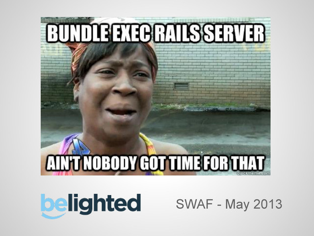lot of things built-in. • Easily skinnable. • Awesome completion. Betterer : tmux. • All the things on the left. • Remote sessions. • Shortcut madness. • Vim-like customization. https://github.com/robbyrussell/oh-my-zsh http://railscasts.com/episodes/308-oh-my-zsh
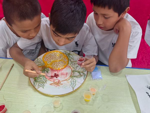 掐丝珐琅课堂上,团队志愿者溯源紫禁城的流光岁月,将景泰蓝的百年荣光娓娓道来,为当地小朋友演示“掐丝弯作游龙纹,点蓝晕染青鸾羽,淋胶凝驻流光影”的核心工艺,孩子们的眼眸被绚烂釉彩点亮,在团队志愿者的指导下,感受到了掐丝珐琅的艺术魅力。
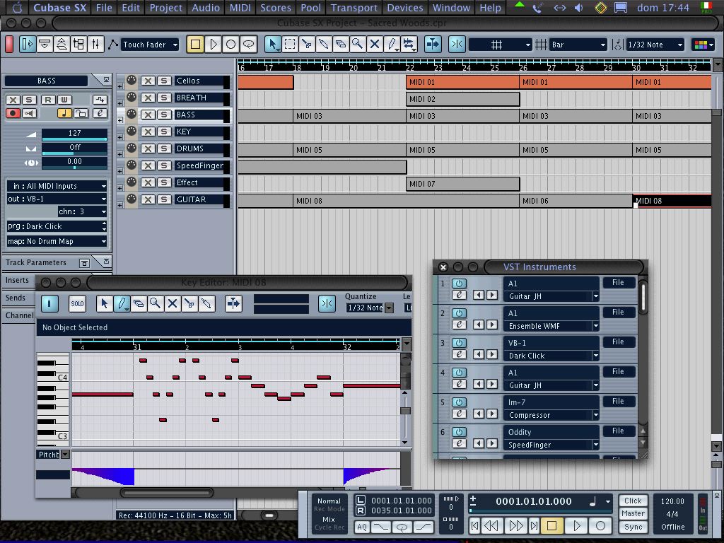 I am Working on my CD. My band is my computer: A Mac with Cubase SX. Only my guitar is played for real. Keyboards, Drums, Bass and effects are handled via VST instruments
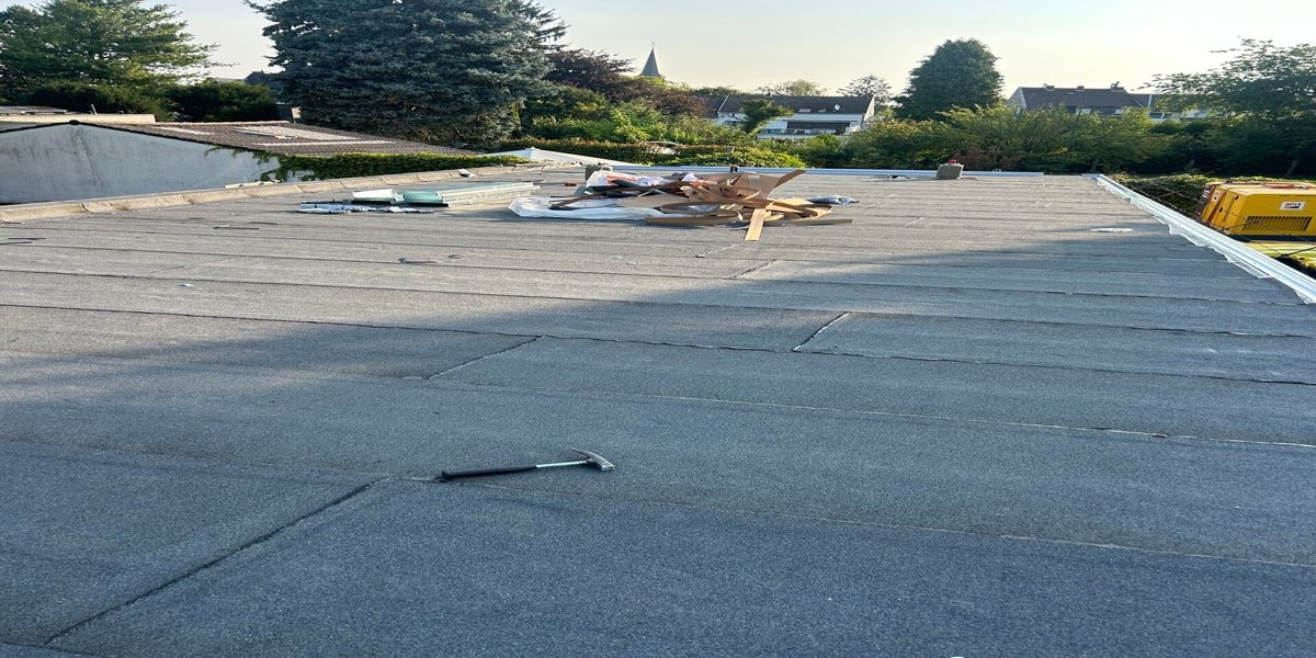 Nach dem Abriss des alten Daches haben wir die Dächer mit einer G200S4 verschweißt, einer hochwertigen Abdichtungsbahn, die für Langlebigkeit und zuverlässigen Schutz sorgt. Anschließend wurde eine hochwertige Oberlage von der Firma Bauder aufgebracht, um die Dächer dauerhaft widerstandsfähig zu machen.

* * * * * * * * *

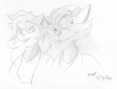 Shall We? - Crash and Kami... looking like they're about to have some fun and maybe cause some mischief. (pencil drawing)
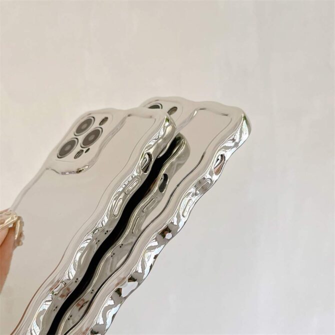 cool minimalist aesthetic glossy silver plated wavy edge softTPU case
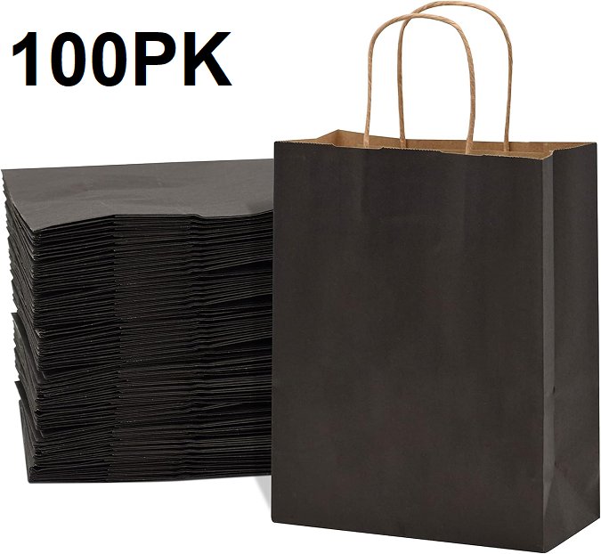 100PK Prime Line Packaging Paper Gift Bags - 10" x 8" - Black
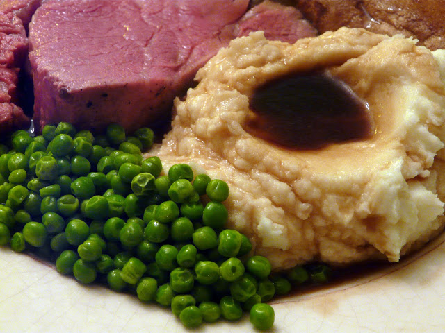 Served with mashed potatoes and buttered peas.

* * * * * * * * *

## Task description
Look above for the line with "100PK Prime Line", then print it and each line after it down to and including the line with "Served with mashed". Leave out the pictures and keep the wording exact.

## Task solution
 100PK Prime Line Packaging Paper Gift Bags - 10" x 8" - Black
 Served with mashed potatoes and buttered peas.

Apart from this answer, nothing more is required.